24/01/2012 11:23 0 Comentarios Lectura: ( palabras)

imageNo sé si operan a lo largo y ancho del país. No sé si sólo los he conocido yo, tampoco sé si los estoy juzgando mal, pero lo que sí sé, es que me ha tocado, a lo largo de mi vida, tratar muy de cerca con la Sociedad Destructora de Emprendedores.

¿Quiénes son?, ¿Dónde los capacitan?, ¿Los fabrican en serie?… No lo sé, pero seguramente te has topado con uno de ellos tu también.

Un encuentro con la SDE fue no hace mucho, cuestión de dos o tres semanas. Me encontraba entusiasmadamente platicando aspectos generales sobre el emprendimiento actual de Novigo con un compañero del trabajo, cuando llegó otro compañero, supervisor. Se incluyó en la plática. Escuchó, asintió con la cabeza y esperó a que terminara de exponer la idea general del emprendimiento. Al terminar, preguntó con un aire de incredulidad: ‘¿…y cómo harán para conseguir clientes?’, ‘Con publicidad, e-mails, presencia en redes sociales y, si es necesario, ¡registrándolos a pie, de uno por uno!’ -repliqué, a lo que respondió con un sonido que solo se me ocurre representar como ‘¡Pfff!’. Enseguida despotricó con todos los argumentos que la SDE gusta aplicar en estos casos: ‘No va a funcionar’, ‘Estas loco’, ‘No van a durar ni un mes’, ‘¿Y dónde está la ganancia?’ y remató con un sórdido: ‘¡Que hueva!’.

Ese ataque de la SDE me dolió mucho en particular. No porque tenga razón el sujeto en cuestión, sino que, por el lugar de donde viene, la preparación que tiene y el puesto que ocupa, yo esperaría otra reacción de esa persona. Mi error por creer que la posición social, jerarquía laboral y educación le bastarían para sentir empatía con un emprendedor. Ahora sé que la SDE acepta miembros de toda clase.

Otra respuesta que he obtenido y que me da risa y, a la vez, tristeza, es cuando dicen: ‘¡Ah!, ¡pero eso ya existe!’.

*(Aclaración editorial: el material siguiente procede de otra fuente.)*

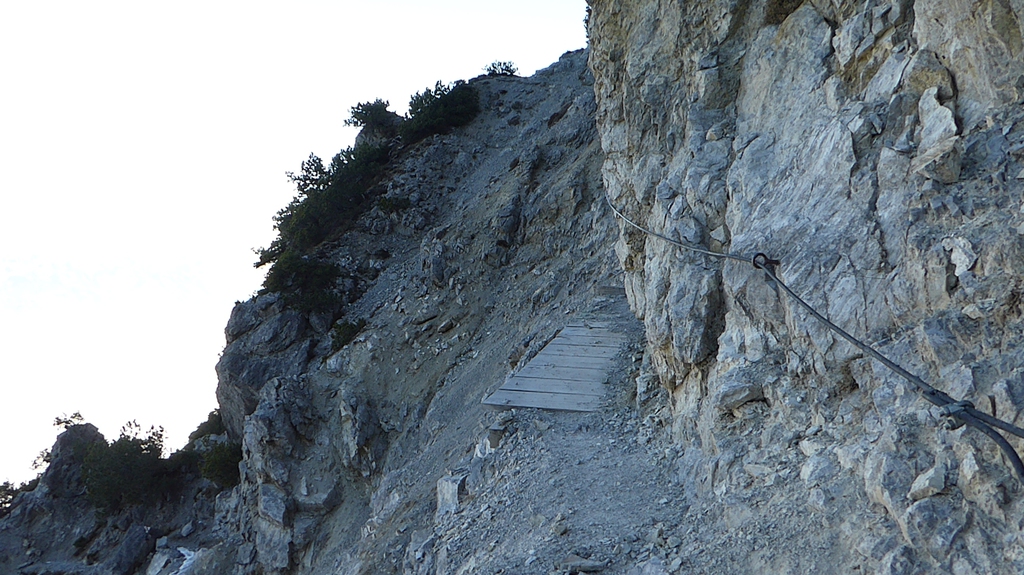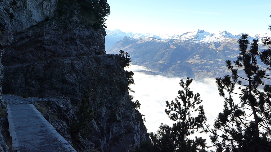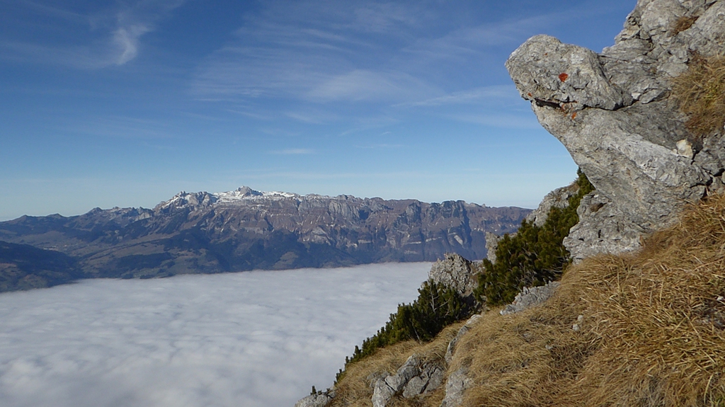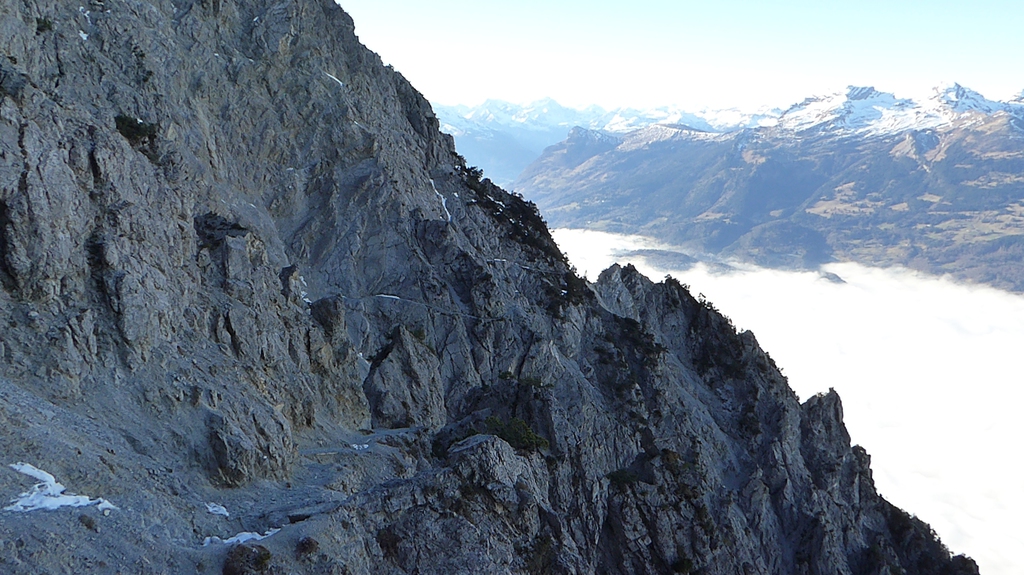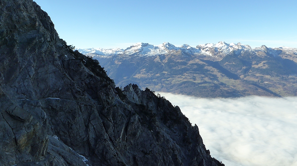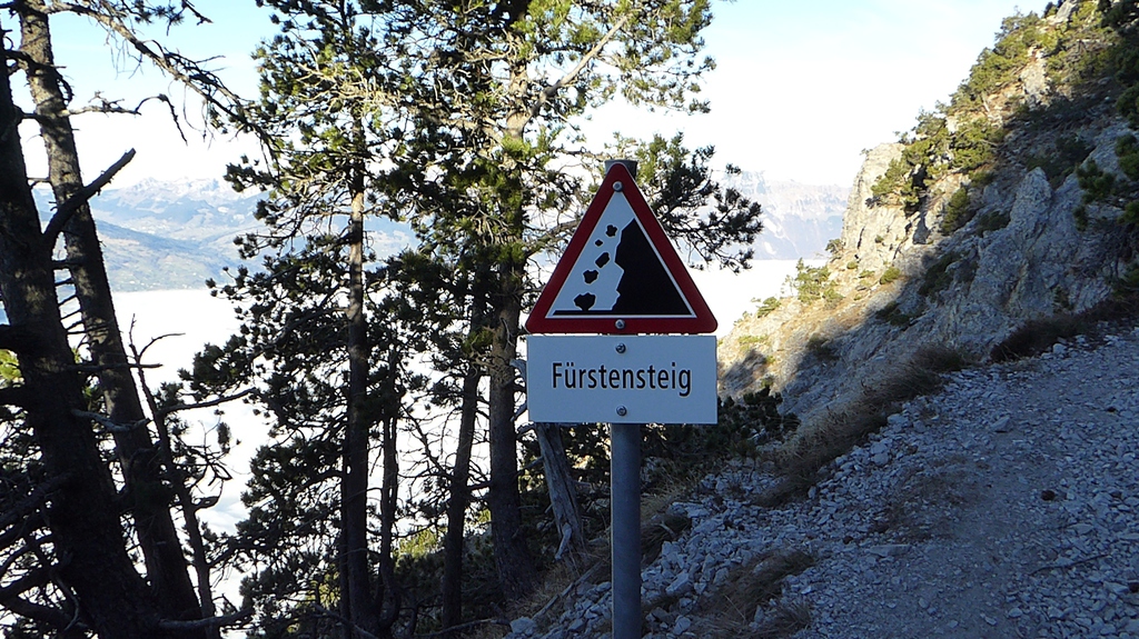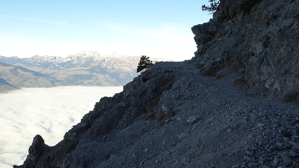 Wir wandern nur kurz aufwärts durch den Wald bis der beeindruckende Fürstensteig beginnt. Der alpine Wanderweg durchkreuzt die Nordwestwand des Alpspitz. Der in die Felswand geschlagene schmale Pfad (T3) wurde bereits 1898 eröffnet und erfordert Trittsicherheit und Schwindelfreiheit. Auch Steinschlag ist ein Thema, vor allem wenn Gämse über dir Steine lostreten. Während der Durchquerung bieten sich immer wieder herrliche Ausblicke auf die gegenüberliegende Bergwelt und das im Nebel liegende Rheintal bis zum Bodensee. Der Fürstensteig endet nach 1,6 km sowie 350 Höhenmetern und einigen Kehren am Gafleisattel (1.853 m).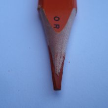 The oversize fluorescent pencils are made usable again – and the carpenter’s pencil is pointed. Of course, this point is like that of a regular pencil, and discards the lead’s rectangular shape. Who wants carpenter pencils pointed this way? I suppose it beats nothing.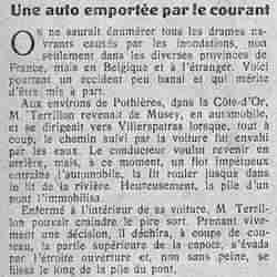 Aux environs de Pothières, dans la Côte-d'Or, M. Terrillon revenait de Musey, en automobile, et se dirigeait vers Villerspatras lorsque, tout à coup, le chemin suivi par la voiture fut envahi par les eaux. Le conducteur voulut revenir en arrière, mais, à ce moment, un flot impétueux entraîna l'automobile, la fit rouler jusque dans le lit de la rivière. Heureusement, la pile d'un pont l'immobilisa.
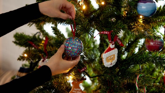 サンタクロースやコイン型のホイルチョコレート入り。クリスマスツリーに飾ってお楽しみいただ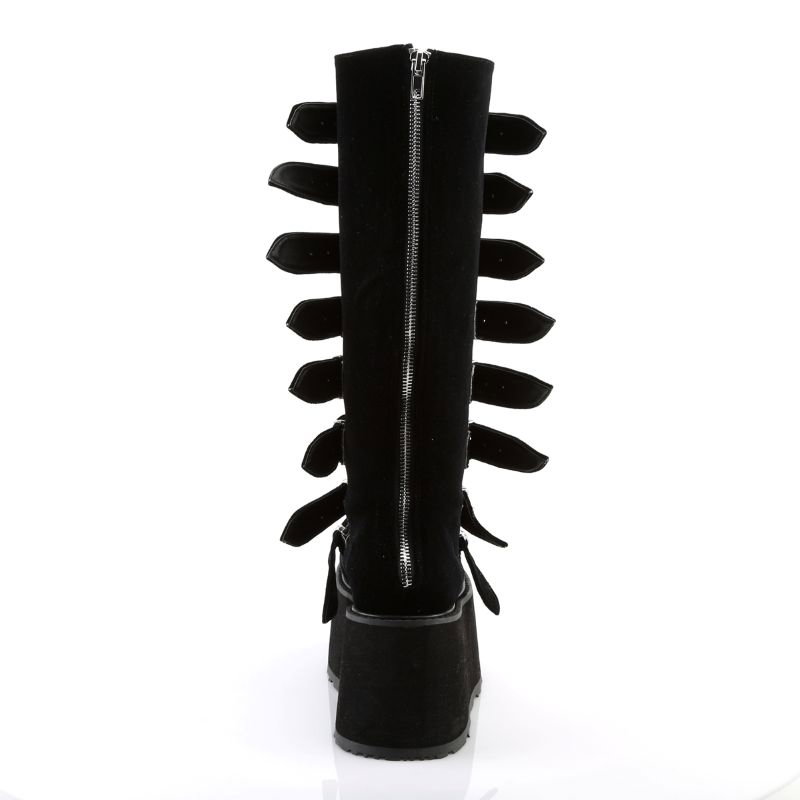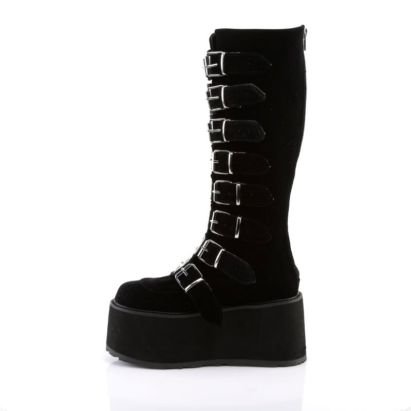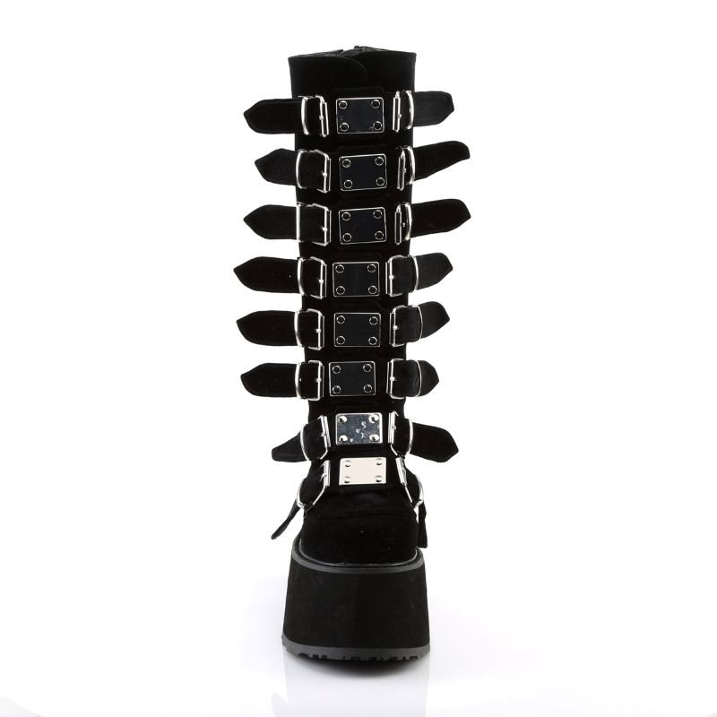 Cizme gothic DAMNED 318 din catifea neagră, cu platformă de ~9 cm și design până la genunchi. Model DemoniaCult cu barete multiple, catarame metalice și fermoar la spate. Look premium, stabilitate și impact vizual puternic.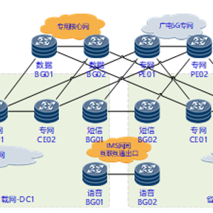 •广电短信网关部署在大区,短信BG采用“口”字型双平面组网接入5G专网PE,部署eBGP协议完成省内与大区间短信网关路由交换,同时部署BFD for BGP加快故障时BGP协议的收敛速度。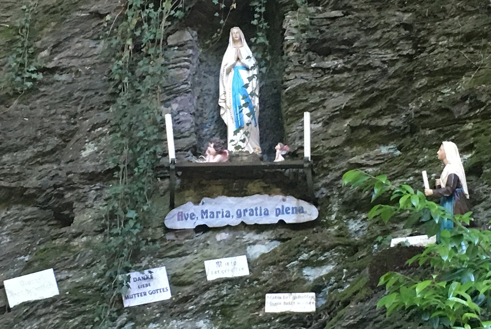 Die Mariengrotte befindet sich unterhalb der Kirche am Dombach. Sie ist der Lourdes-Grotte nachempfunden und wurde 1934 geweiht. Im Mai findet eine Lichterprozession von der Kirche zur Mariengrotte statt.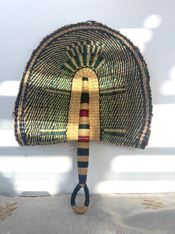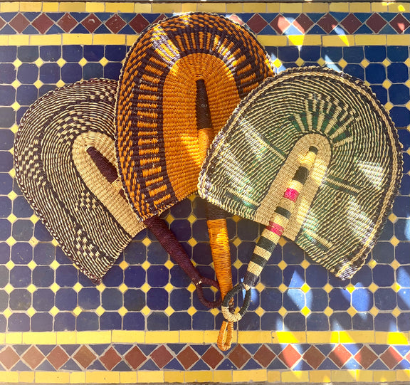 Estos abanicos los hemos encontrado durante nuestro viaje, pero vienen de Malí y están tejidos a mano.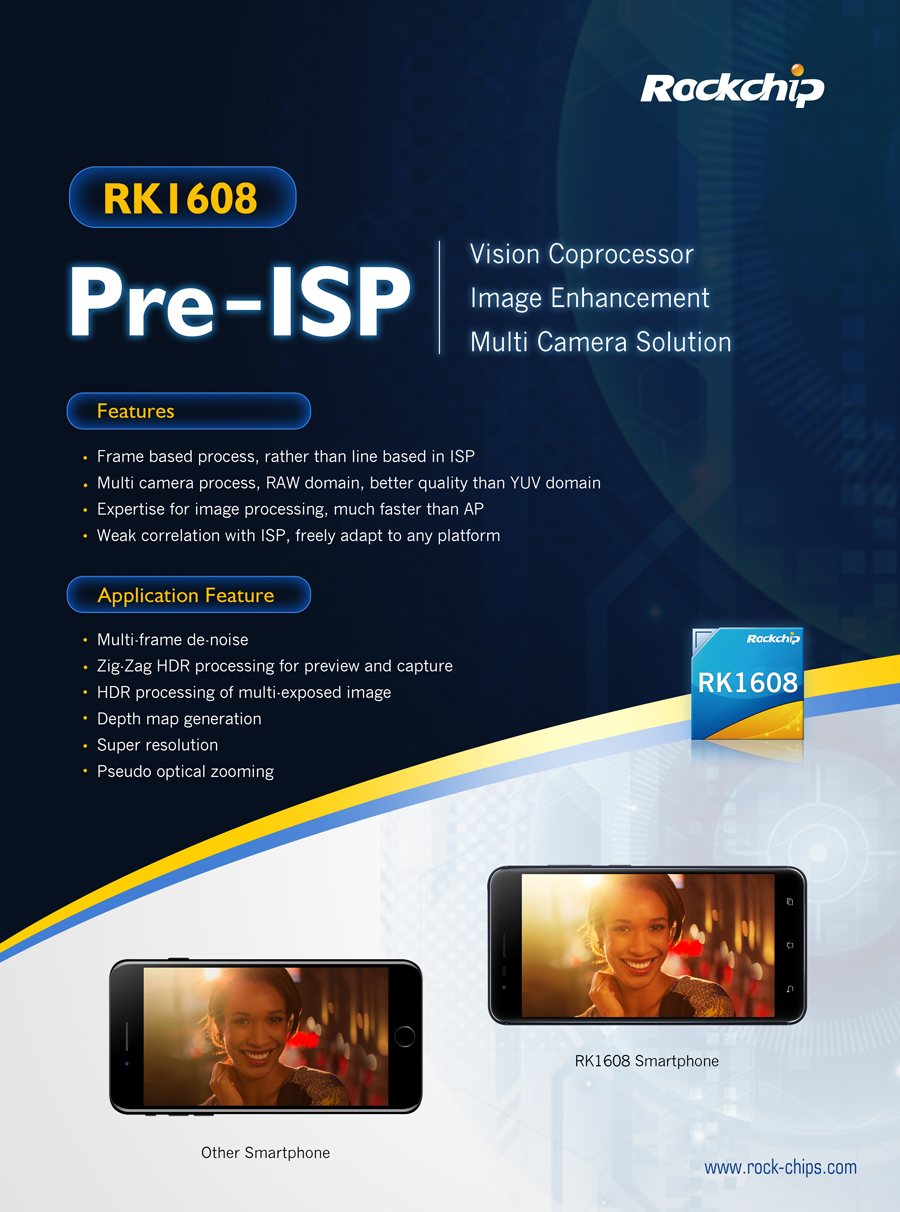 • Amazing back lighting/night view photography experience! Vision coprocessor RK1608 launched during MWC 2017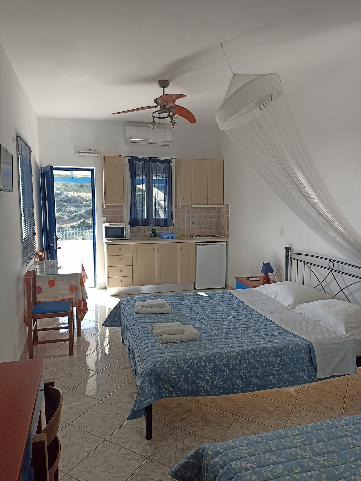 Δίκλινο δωμάτιο, πλήρως ανακαινισμένο, με ένα (1) διπλό κρεβάτι, tv 32'' και ιδιωτικό WC. Βεράντα με υπέροχη θέα στον Λακωνικό Κόλπο.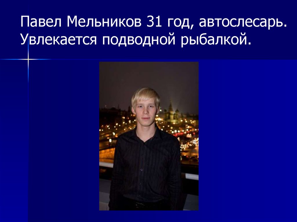 Павел Мельников 31 год, автослесарь.Увлекается подводной рыбалкой.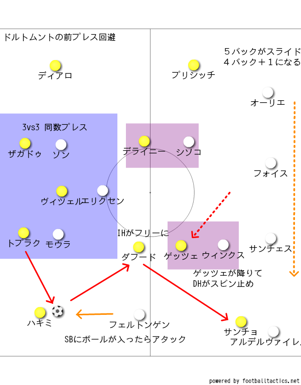 こうして、ドルトムントは前プレスを回避し攻撃に転じることが出来た。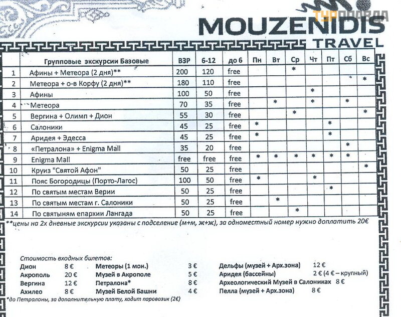 Przy okazji, oto metka z ceną wycieczki z Mouzenidis w 2017 roku.

Yo no sé dónde se dijo que un emprendimiento, o simplemente una idea, debe ser algo que no exista. Imagínate si así fuera, la tasa de surgimiento de nuevos proyectos iría decayendo exponencialmente pues, con el paso del tiempo, es más difícil crear algo que sea totalmente original. Si bien es cierto que todo lo que surge (emprendedoramente hablando) busca ser original e innovador, es imposible no tomar cosas de otros proyectos e intentar imitar pero, sobre todo, mejorar algo que ya existe.

Llego a un punto donde me pregunto a mi mismo: ‘¿seremos todos miembros de la SDE?’. Creo que sí. Todos alguna vez escuchamos a alguien traer una idea nueva, fuera de lo común y lo primero que hicimos fue decirle: ‘Estás loco’ o, como coloquialmente se dice en México, le damos el avión.

¿Las causas? Muchas. La idiosincrasia del mexicano, la influencia de los medios, la tendencia global al narcisismo, el derrotismo como forma de vida, la costumbre de echarle la culpa al gobierno, la sensación de intrascendencia personal y así y así. Causas sobran, el problema es: ¿Y las soluciones? Estoy seguro de que hay estudios y propuestas de grandes intelectuales y gente que ha abordado ya el problema. Yo no los voy a discutir o comentar aquí. Solo diré que, en mi muy personal opinión, los más jóvenes son la clave. Apoyar a que los pequeños se malviajen y desarrollen su creatividad desde temprana edad con otros juegos y actividades, no encasillar a los niños en la idea de que ellos tienen que ser empleados y seguir el estándar o, peor aún, decir a las niñas que su rol en la vida es cuidar a sus hijos y que, por su condición de mujer, aspiran a menos que los humanos de sexo masculino (léase, hombres). Que les demos la libertad de soñar e intentar cosas que tal vez otras generaciones no hicieron, entender de una vez por todas que nuestra descendencia no tiene por qué sufrir lo que uno ya sufrió, hacerles ver que todas las cosas tienen muchas soluciones y no sólo una y, sobre todo, nunca, pero nunca decirles las letanías de aquella omnipresente Sociedad Destructora de Emprendedores:

‘Eso no se puede’, ‘¿Para qué?, si así estamos bien’, ‘Estás <<em>ponga aquí su insulto favorito>’, ‘Las cosas son así, y así seguirán’, ‘Tú no vas a cambiar el mundo’, ‘Mejor dedícate a otra cosa’, ‘No vas a poder’ y mi favorita: ‘A qué le tiras cuando <<em>ponga aquí su sueño guajiro> mexicano’.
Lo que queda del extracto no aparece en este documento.